The records —
"""

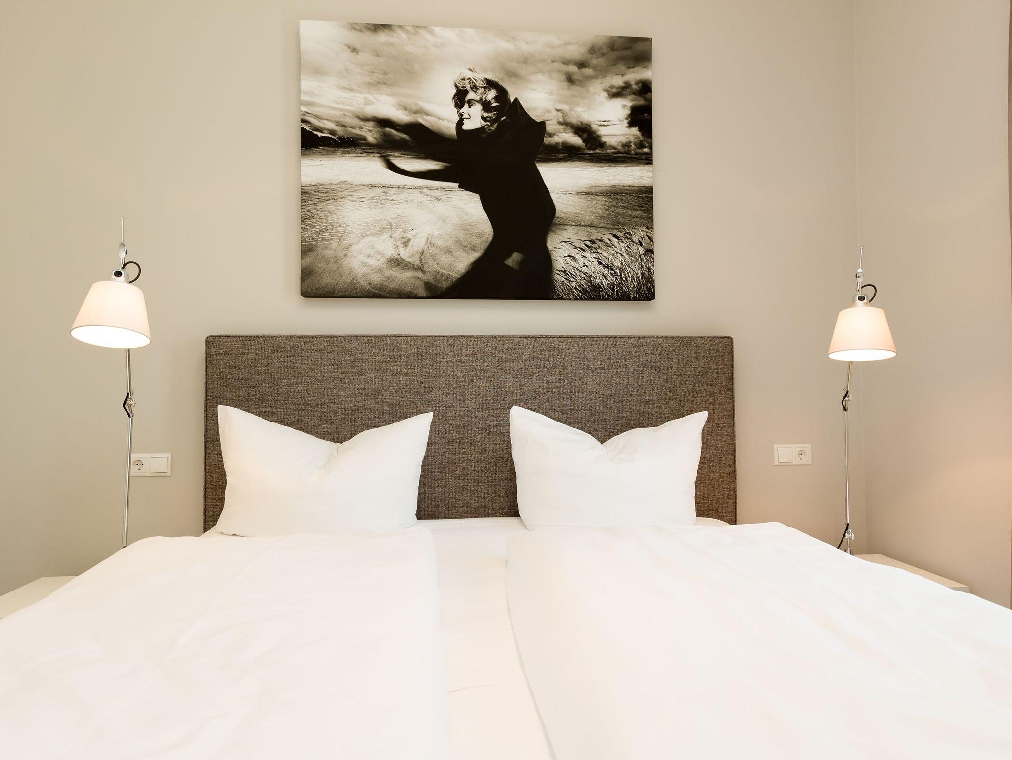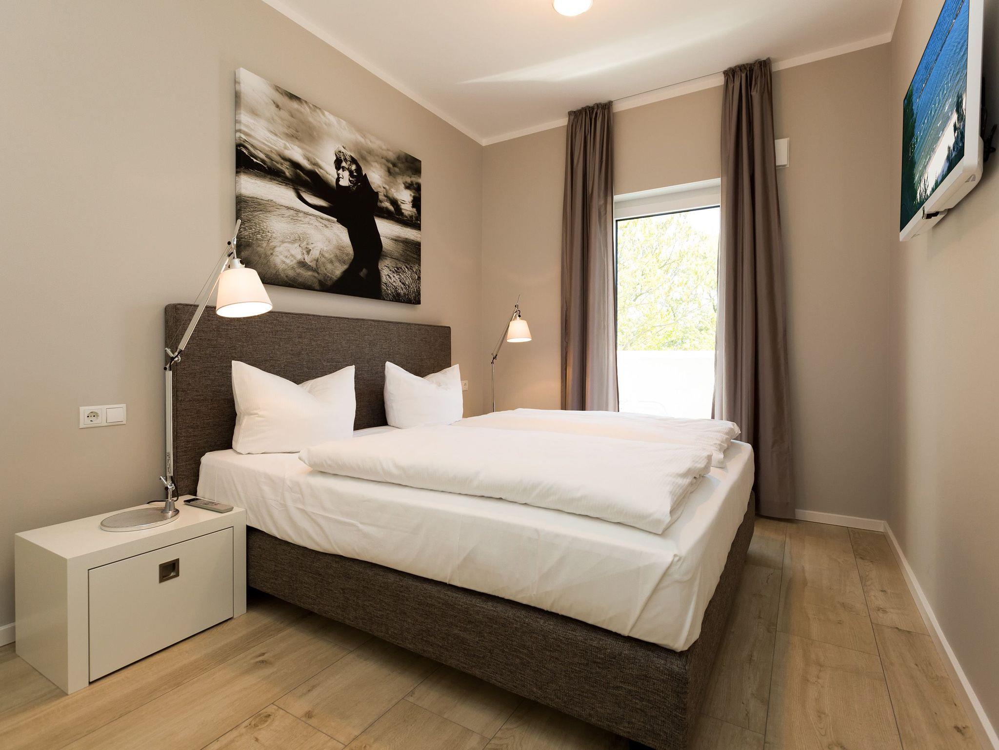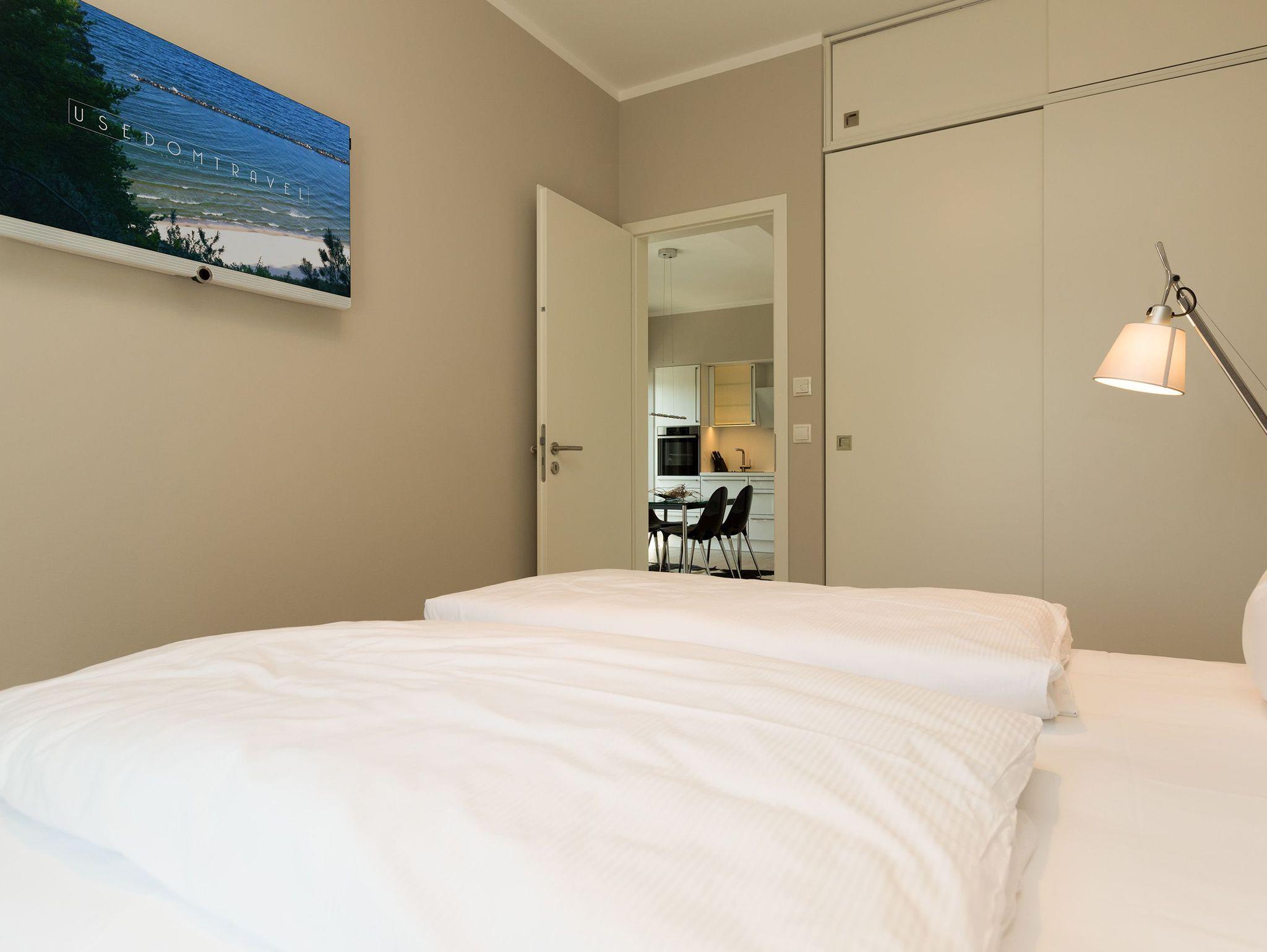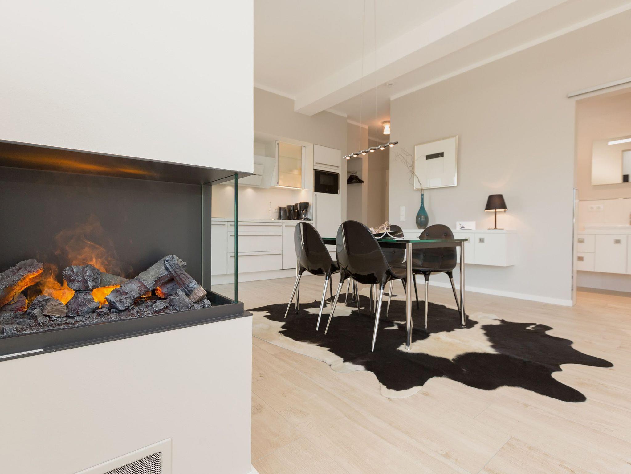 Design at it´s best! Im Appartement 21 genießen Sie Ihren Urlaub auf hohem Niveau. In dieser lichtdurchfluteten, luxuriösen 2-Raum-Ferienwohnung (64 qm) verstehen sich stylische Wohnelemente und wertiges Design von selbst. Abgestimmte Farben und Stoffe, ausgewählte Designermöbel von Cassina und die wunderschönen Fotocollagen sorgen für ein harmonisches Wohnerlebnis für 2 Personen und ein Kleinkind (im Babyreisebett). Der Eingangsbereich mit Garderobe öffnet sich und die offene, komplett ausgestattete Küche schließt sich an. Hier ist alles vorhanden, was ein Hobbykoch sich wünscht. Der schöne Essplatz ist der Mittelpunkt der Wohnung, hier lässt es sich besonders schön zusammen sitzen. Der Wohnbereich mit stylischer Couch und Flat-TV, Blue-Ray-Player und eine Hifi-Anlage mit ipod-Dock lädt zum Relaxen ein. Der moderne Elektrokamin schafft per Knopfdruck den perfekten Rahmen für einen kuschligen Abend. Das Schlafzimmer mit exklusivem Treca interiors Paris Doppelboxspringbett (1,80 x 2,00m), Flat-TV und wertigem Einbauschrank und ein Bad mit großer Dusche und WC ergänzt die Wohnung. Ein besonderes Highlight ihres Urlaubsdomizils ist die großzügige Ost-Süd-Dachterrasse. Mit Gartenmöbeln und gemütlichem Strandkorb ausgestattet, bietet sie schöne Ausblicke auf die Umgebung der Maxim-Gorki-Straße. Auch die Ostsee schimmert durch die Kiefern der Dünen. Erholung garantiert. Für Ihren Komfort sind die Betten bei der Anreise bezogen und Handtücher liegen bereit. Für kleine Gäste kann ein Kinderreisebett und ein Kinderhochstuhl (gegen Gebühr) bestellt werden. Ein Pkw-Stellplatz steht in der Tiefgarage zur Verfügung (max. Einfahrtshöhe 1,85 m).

"""
"""

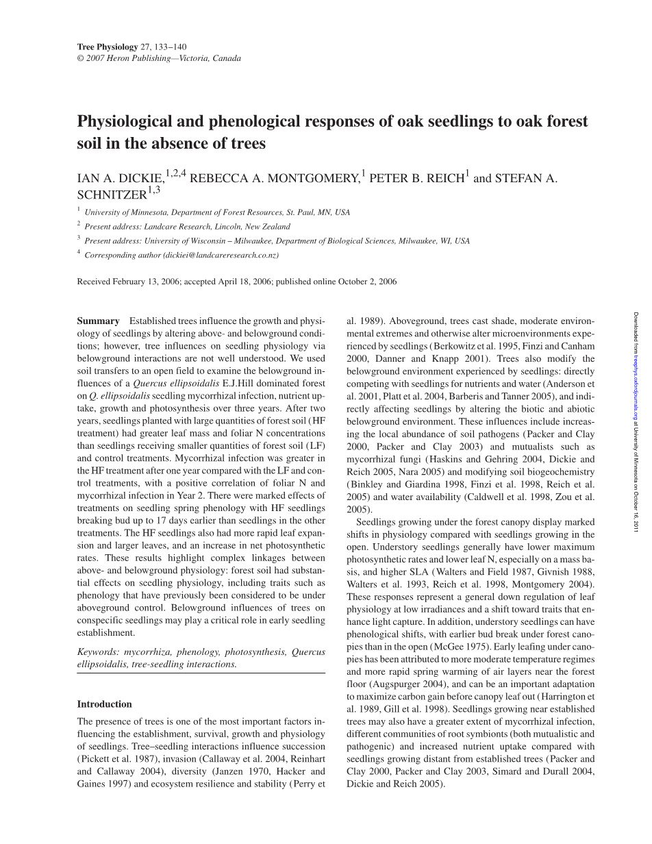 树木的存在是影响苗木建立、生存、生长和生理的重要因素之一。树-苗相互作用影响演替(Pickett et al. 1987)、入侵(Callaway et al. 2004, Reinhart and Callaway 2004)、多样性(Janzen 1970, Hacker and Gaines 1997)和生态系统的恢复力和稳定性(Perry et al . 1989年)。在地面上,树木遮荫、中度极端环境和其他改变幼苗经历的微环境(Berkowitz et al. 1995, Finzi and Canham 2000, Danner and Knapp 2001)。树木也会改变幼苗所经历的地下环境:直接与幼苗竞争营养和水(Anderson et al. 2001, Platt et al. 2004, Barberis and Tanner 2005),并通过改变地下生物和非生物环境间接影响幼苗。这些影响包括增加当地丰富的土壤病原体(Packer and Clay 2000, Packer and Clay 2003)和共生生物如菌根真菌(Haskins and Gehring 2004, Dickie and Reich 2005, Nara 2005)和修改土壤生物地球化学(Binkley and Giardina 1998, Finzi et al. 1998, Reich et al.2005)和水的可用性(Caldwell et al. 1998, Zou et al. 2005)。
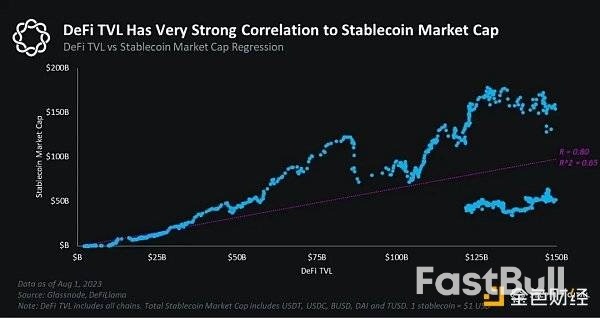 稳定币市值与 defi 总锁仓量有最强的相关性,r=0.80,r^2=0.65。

"""
"""

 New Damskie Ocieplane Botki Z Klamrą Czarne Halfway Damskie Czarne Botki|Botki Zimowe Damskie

"""

Exercise — Begin at the line in the entries above that has "树木的存在是影响苗木建立、生存、生长和生理的重要因素之一。树-苗相互作用影响演替(Pickett et al.", stop after the line that has "稳定币市值与 defi 总锁仓量有最强的相关性,r=0.80,r^2=0.65。", and output exactly those lines without pictures.

Written answer —
 树木的存在是影响苗木建立、生存、生长和生理的重要因素之一。树-苗相互作用影响演替(Pickett et al. 1987)、入侵(Callaway et al. 2004, Reinhart and Callaway 2004)、多样性(Janzen 1970, Hacker and Gaines 1997)和生态系统的恢复力和稳定性(Perry et al . 1989年)。在地面上,树木遮荫、中度极端环境和其他改变幼苗经历的微环境(Berkowitz et al. 1995, Finzi and Canham 2000, Danner and Knapp 2001)。树木也会改变幼苗所经历的地下环境:直接与幼苗竞争营养和水(Anderson et al. 2001, Platt et al. 2004, Barberis and Tanner 2005),并通过改变地下生物和非生物环境间接影响幼苗。这些影响包括增加当地丰富的土壤病原体(Packer and Clay 2000, Packer and Clay 2003)和共生生物如菌根真菌(Haskins and Gehring 2004, Dickie and Reich 2005, Nara 2005)和修改土壤生物地球化学(Binkley and Giardina 1998, Finzi et al. 1998, Reich et al.2005)和水的可用性(Caldwell et al. 1998, Zou et al. 2005)。
 稳定币市值与 defi 总锁仓量有最强的相关性,r=0.80,r^2=0.65。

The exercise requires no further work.